Input.
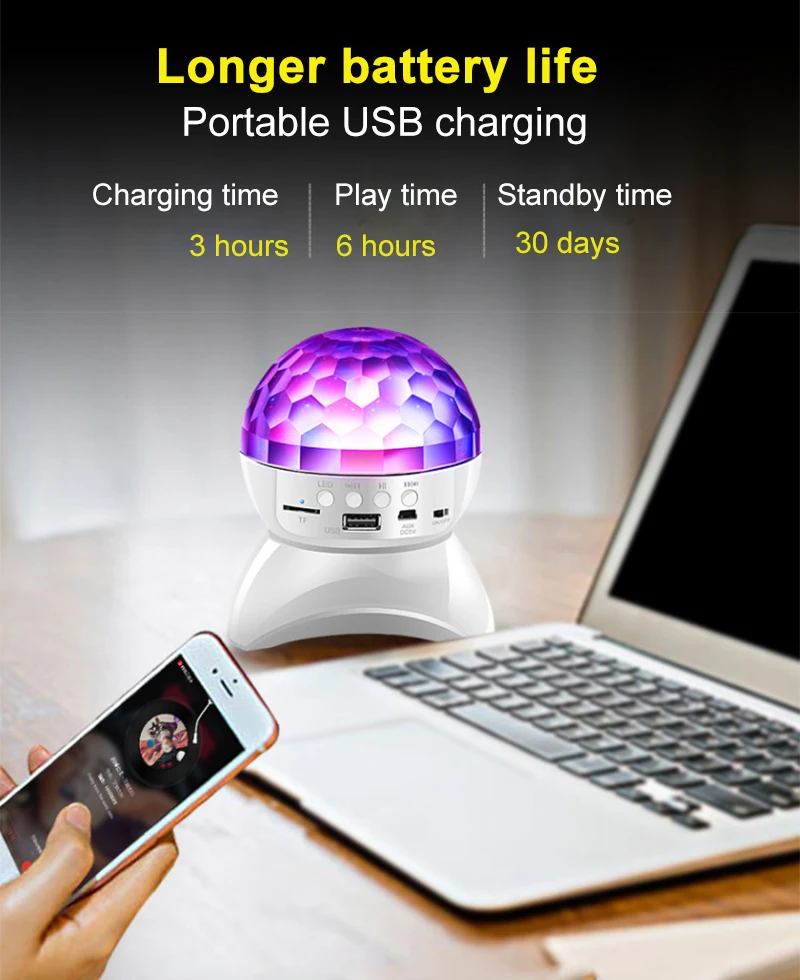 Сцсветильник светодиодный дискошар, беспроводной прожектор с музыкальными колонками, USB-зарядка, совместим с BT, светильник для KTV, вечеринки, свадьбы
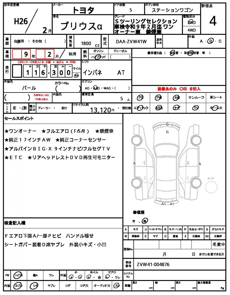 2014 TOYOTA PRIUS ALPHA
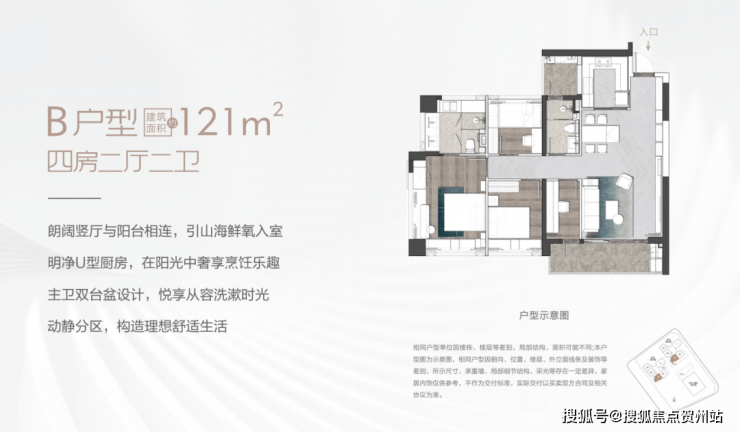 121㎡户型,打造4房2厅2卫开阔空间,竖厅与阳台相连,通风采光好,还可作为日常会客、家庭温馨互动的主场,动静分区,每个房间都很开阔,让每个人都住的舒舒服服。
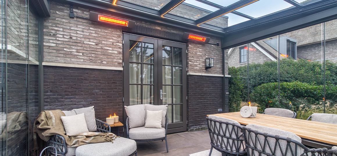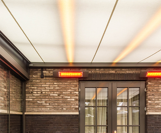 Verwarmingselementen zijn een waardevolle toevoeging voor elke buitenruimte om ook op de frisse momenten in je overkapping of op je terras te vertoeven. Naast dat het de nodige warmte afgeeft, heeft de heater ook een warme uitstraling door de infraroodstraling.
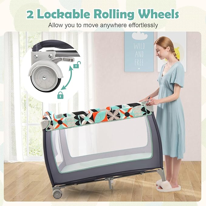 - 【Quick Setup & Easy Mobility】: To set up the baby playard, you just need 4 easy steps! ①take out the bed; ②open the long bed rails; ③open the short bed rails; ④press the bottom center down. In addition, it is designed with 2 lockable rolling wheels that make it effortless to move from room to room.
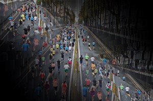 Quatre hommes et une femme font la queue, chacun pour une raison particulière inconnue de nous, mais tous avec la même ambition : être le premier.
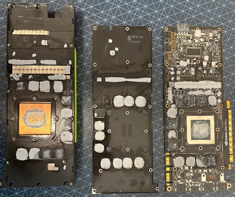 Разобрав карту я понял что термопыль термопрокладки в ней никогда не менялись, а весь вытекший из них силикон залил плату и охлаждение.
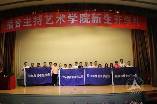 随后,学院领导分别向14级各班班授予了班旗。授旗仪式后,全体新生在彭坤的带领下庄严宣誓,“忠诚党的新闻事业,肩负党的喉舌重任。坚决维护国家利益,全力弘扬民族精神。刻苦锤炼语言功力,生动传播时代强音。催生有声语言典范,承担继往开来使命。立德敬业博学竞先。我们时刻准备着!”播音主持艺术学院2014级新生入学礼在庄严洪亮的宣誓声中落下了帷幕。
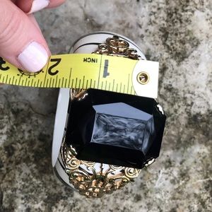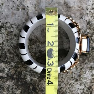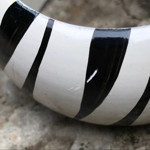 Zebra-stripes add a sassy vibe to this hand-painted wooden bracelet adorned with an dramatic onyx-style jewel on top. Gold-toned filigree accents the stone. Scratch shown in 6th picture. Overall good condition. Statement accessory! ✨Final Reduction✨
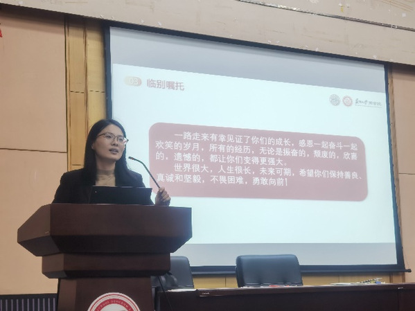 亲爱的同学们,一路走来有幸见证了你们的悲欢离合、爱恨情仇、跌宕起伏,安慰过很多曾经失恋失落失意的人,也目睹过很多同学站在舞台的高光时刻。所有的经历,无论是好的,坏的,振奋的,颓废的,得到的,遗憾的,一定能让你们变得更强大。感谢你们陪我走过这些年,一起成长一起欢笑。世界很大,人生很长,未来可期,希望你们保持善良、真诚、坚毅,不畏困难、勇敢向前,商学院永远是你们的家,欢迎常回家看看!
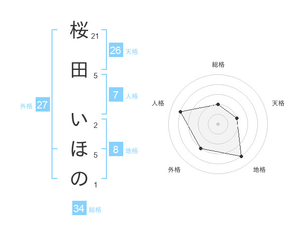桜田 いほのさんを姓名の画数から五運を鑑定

What to do. Respond with the exact lines above running from the one containing "121㎡户型,打造4房2厅2" to the one containing "随后,学院领导分别向14级各", both ends kept and no pictures included.

Response to this task.
 121㎡户型,打造4房2厅2卫开阔空间,竖厅与阳台相连,通风采光好,还可作为日常会客、家庭温馨互动的主场,动静分区,每个房间都很开阔,让每个人都住的舒舒服服。
 Verwarmingselementen zijn een waardevolle toevoeging voor elke buitenruimte om ook op de frisse momenten in je overkapping of op je terras te vertoeven. Naast dat het de nodige warmte afgeeft, heeft de heater ook een warme uitstraling door de infraroodstraling.
 - 【Quick Setup & Easy Mobility】: To set up the baby playard, you just need 4 easy steps! ①take out the bed; ②open the long bed rails; ③open the short bed rails; ④press the bottom center down. In addition, it is designed with 2 lockable rolling wheels that make it effortless to move from room to room.
 Quatre hommes et une femme font la queue, chacun pour une raison particulière inconnue de nous, mais tous avec la même ambition : être le premier.
 Разобрав карту я понял что термопыль термопрокладки в ней никогда не менялись, а весь вытекший из них силикон залил плату и охлаждение.
 随后,学院领导分别向14级各班班授予了班旗。授旗仪式后,全体新生在彭坤的带领下庄严宣誓,“忠诚党的新闻事业,肩负党的喉舌重任。坚决维护国家利益,全力弘扬民族精神。刻苦锤炼语言功力,生动传播时代强音。催生有声语言典范,承担继往开来使命。立德敬业博学竞先。我们时刻准备着!”播音主持艺术学院2014级新生入学礼在庄严洪亮的宣誓声中落下了帷幕。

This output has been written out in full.